# I'm Back With More Questions



## Guest (Jul 25, 2005)

Well I'm back with more questions. 
We are looking for a trailer that we can safely tow. 
In otherwords.... I want all of the numbers to work.

Here's where I am:

TV is a 2005 Tundra 4.7 ltr V-8 5 speed automatic
282 HP
325 ft torque
140" wheelbase
3.92:1 rear end
Tow package (Hitch, Tranny cooler, Alternator)
GVWR 6,600 (curb weight 4,765 empty)
GCWR 11,800

Since it has been stated that the published weights on all trailers are all ficticious, I am leaning to you kind folks to help me calculate if I can pull a 25RS-S or the 
23 RS safely.

With my math I will be maxing out with the 25RS-S but it is the trailer of choice.
We plan to travel aprox 150 miles to the coast (Morro Bay, CA) This will be our primary camping spot.
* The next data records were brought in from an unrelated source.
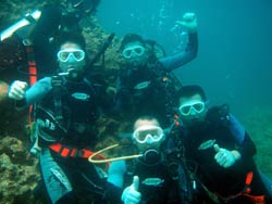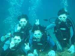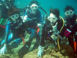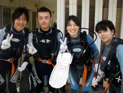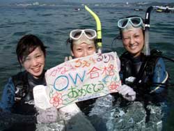 はいさ〜い!!ひろあきです。今日は新しいダイバーが誕生しました☆九州から遊びに来てくれた女の子三人組かなちゃん・ちえちゃん・るりちゃんです。初日から台風の影響で海が使えずプール講習からスタートでしたが、最初は水中のバランスとマスクスキルに手こずりましたが気合いでなんとかクリアしていきました。2日目もビーチポイントはNGだったのでボートでのダイビング☆初めての海の水中にニコニコ笑顔で楽しんでいました♪おかげでスキルは進まなかったけどね〜(笑)そしていよいよ最終日!!やっとビーチもうねりが落ち着きゆっくりスキルをやる事ができました!新しいスキルにも頑張って挑戦する3人。無事にクリアしていきいよいよラストダイブ!!最後は浮力の練習をしながら洞窟ダイブ☆夕方になりかけていたので洞窟の中はさらに真っ暗・・・。でも洞窟の出口は青〜く光っていました。そしていよいよ運命のラストスキル!!!嫌いだったマスククリアも上手に出来るようになりました。頑張ったもんね!そして合格祝い!!!オープンウオーターダイバー合格です!!!おめでと〜〜〜☆★☆★☆★☆★パフパフパフパフ〜〜〜★☆★☆台風の影響が出る中無事ライセンス取得できてよかったですね!!まだまだたっくさんの海があるのでこれからもダイビング続けてください^−^また逢えるのを楽しみにしていますよ〜☆ |
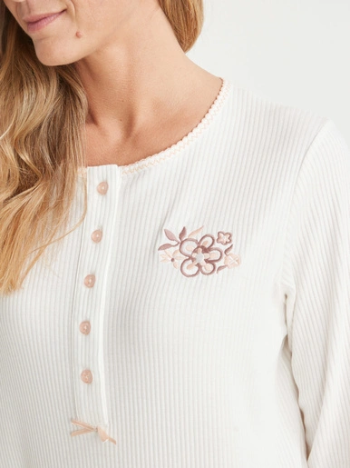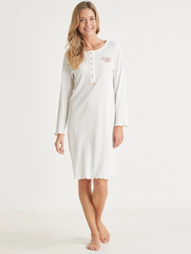 La maille interlock a toujours nos faveurs… Cette saison, en plus, elle est en coton ultra douce ! Une raison supplémentaire de craquer pour cette chemise de nuit courte, manches longues.
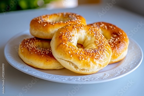 Bagels dorados espolvoreados con semillas de sésamo, servidos en un plato blanco sobre fondo claro.
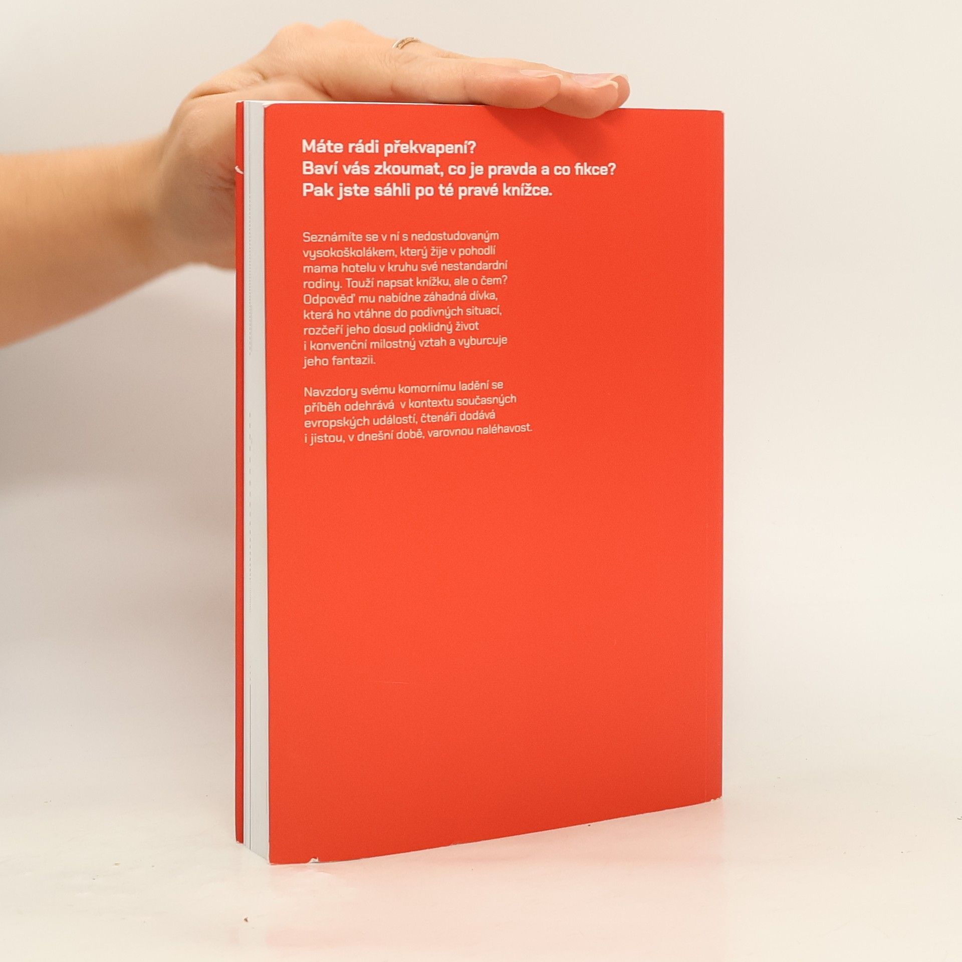 Máte rádi překvapení? Baví vás zkoumat, co je pravda a co fikce? Pak jste sáhli po té pravé knížce. Seznámíte se v ní s nedostudovaným vysokoškolákem, který žije v pohodlí mama hotelu v kruhu své nestandardní rodiny. Touží napsat knížku, ale o čem? Odpověď mu nabídne záhadná dívka, která ho vtáhne do podivných situací, rozčeří jeho dosud poklidný život i konvenční milostný vztah a vyburcuje jeho fantazii. Navzdory svému komornímu ladění se příběh odehrává v kontextu současných evropských událostí, čtenáři dodává i jistou, v dnešní době, varovnou naléhavost.
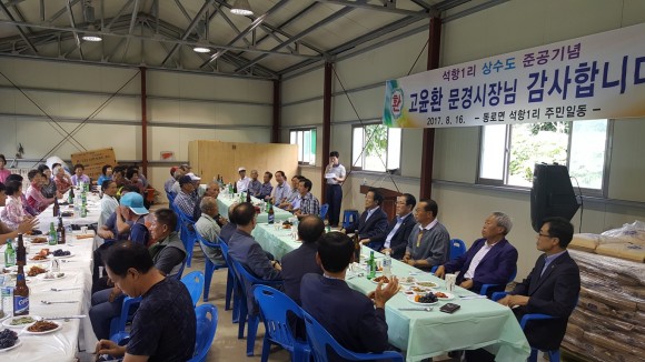 심상용 석항1리 이장은 "석항1리는 수원이 절대적으로 부족한 곳이어서 주민들이 생활하기가 많이 불편했는데, 34세대 60여명이 이제 급수난에서 벗어날 수 있게 되어 무척 기쁘고, 우리 동네에 2차선 도로가 나서 버스가 들어온 후 두 번째로 기쁜날" 이라며 진심으로 마음에서 우러난 고마운 마음을 전했다.
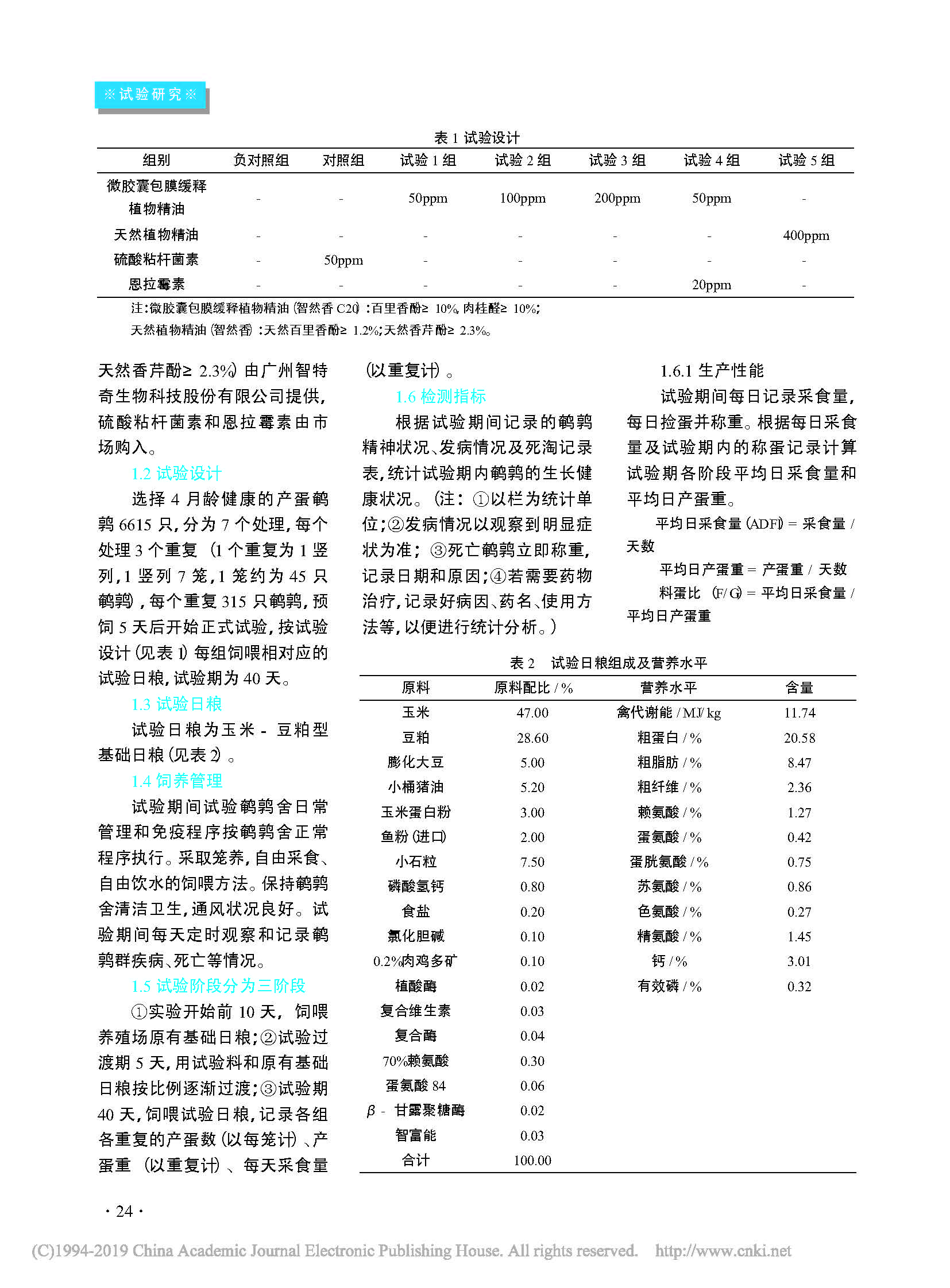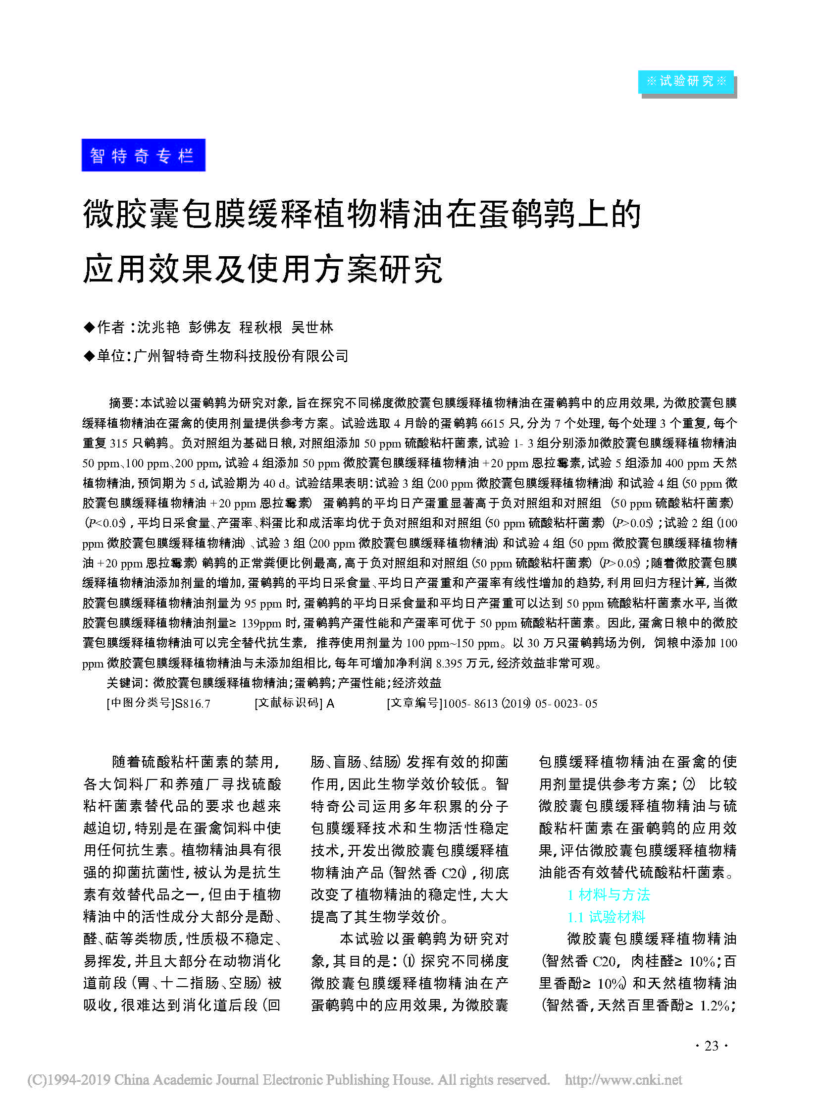 微胶囊包膜缓释植物精油(智然香C20)在蛋鹌鹑上的应用效果及使用方案研究
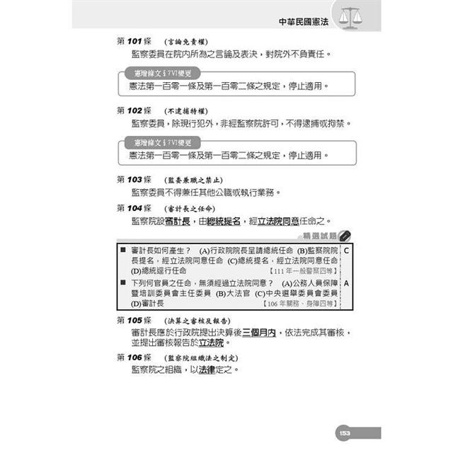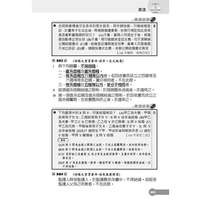 對於沒有法學基礎的考生來說,法律文字用語專業,條文內容又多又長,如果沒有耐心細心記憶,容易錯失正確答案。本書由趙雍老師親自研究102~111年高考三級/普考/一般警察三等&鐵路高員三等/一般警察四等/鐵路員級/司法三等/司法四等/地特三等/地特四等/關務&身障三等/關務&身障四等相關試題,再將相同條文考點的試題彙整嵌入相對應的法條之後,以顯眼特殊設計標示得分關鍵字。條文後題目愈多表示愈常被命題,讀者可立即知悉被頻繁命題的考點。
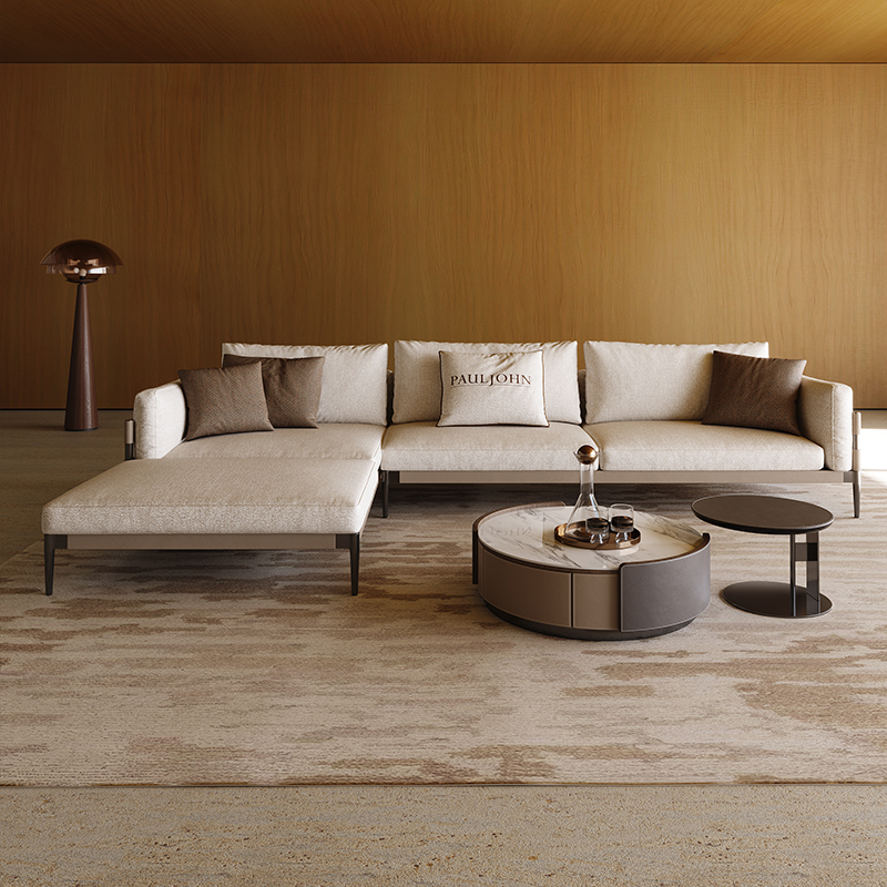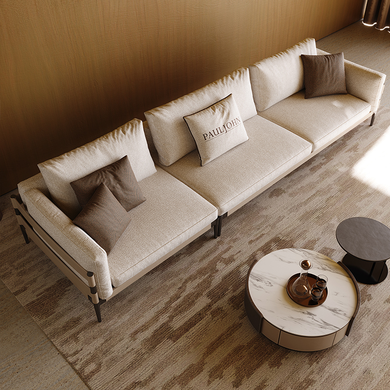 PAULJOHN意式 极简布艺沙发别墅客厅进口棉麻直排羽绒沙发皮布新款
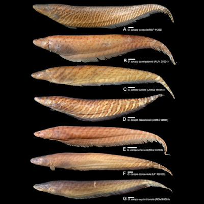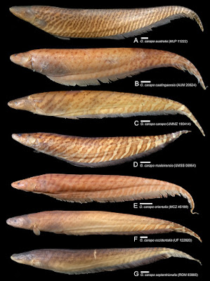 Jack M. Craig, William G. R. Crampton and James S. Albert. 2017. Revision of the Polytypic Electric fish Gymnotus carapo (Gymnotiformes, Teleostei), with Descriptions of Seven Subspecies. Zootaxa. 4318(3); 401–438. DOI: 10.11646/zootaxa.4318.3.1
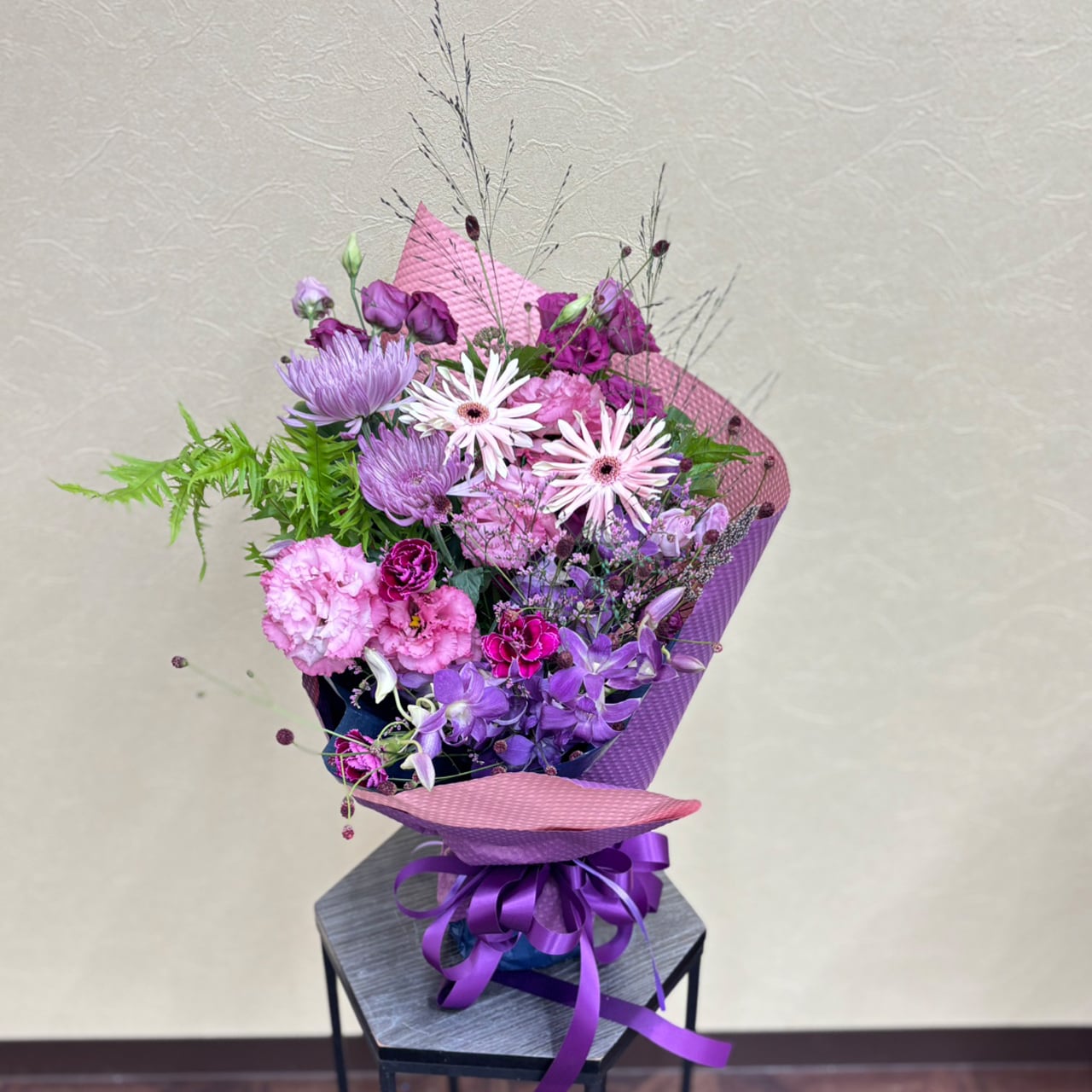やわらかいピンク、淡い紫、深い紫…それぞれの花が絶妙なバランスで溶け合い、落ち着いた中にも華やかさを感じる仕上がりです。
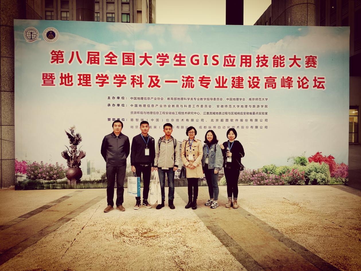11月25日,由安徽师范大学地理与旅游学院承办的第八届全国大学生GIS应用技能大赛圆满结束。我校yl6809永利官网副教授刘沛、周涌和吴琳娜老师指导的代表队荣获二等奖。参赛小组由yl6809永利官网地理信息科学专业16级吕川、祝天雷、曾洁和唐丽丽四位同学组成。

Also this truck came with P265/65R17 tires. Do I need to look at moving to a LT series tire before towing anything?

I am looking at the equalizer WD Hitch and a Prodigy Brake Controler.

Thanks again for your help. This is a confusing business for us newbies.

Bill Cody
Madera, CA


----------



## WillTy3 (Jul 20, 2004)

Bill

I think you will be safe with the 23rs, which is what i have. I have a 2003 Tundra with 40 less hp than you and i am very comfortable with my setup. We are however on the East Coast which is flat. I think the 25rss would be to much.

Will


----------



## Guest (Jul 25, 2005)

WillTy3 said:


> Bill
> 
> I think you will be safe with the 23rs, which is what i have. I have a 2003 Tundra with 40 less hp than you and i am very comfortable with my setup. We are however on the East Coast which is flat. I think the 25rss would be to much.
> 
> ...


Thanks Will,

They beefed up the Tundra a little for 05 so I am hoping to (safely)squeeze every bit of towing pounds out of it I can.









Thanks for the response.

Bill


----------



## jlstew (May 29, 2004)

I hate to say this Bill, but if I had found this site prior to buying my trailer, I probably would not have bought this exact trailer, it would have been something smaller. Because I know so much more know than I did when I bought the trailer! I am well within all the weights but people have said that the wheelbase of the tow vehcle is what may determine the ability to control the trailer if it starts to sway. If I remember correctly you won't have any problems with the WB you stated and the 25rss trailer. That being said I am very happy with my set up, and have never had any problems(knock on wood) and have even been in some windy areas. I am so glad that I bought the trailer I wanted and needed instead of starting to small and always wishing I had bigger! Long story short, I think you would be fine with your set up, just don't get in a hurry and make sure you have a weight distributing hitch that is set up correctly!


----------



## NDJollyMon (Aug 22, 2003)

Welcome back Bill...

My reason for upgrading my tow vehicle was mostly for comfort/safety reasons. I had a short wheelbased (Chevy Tahoe). My setup seemed very safe, but moving to a longer wheelbase increased MY COMFORT FACTOR as well.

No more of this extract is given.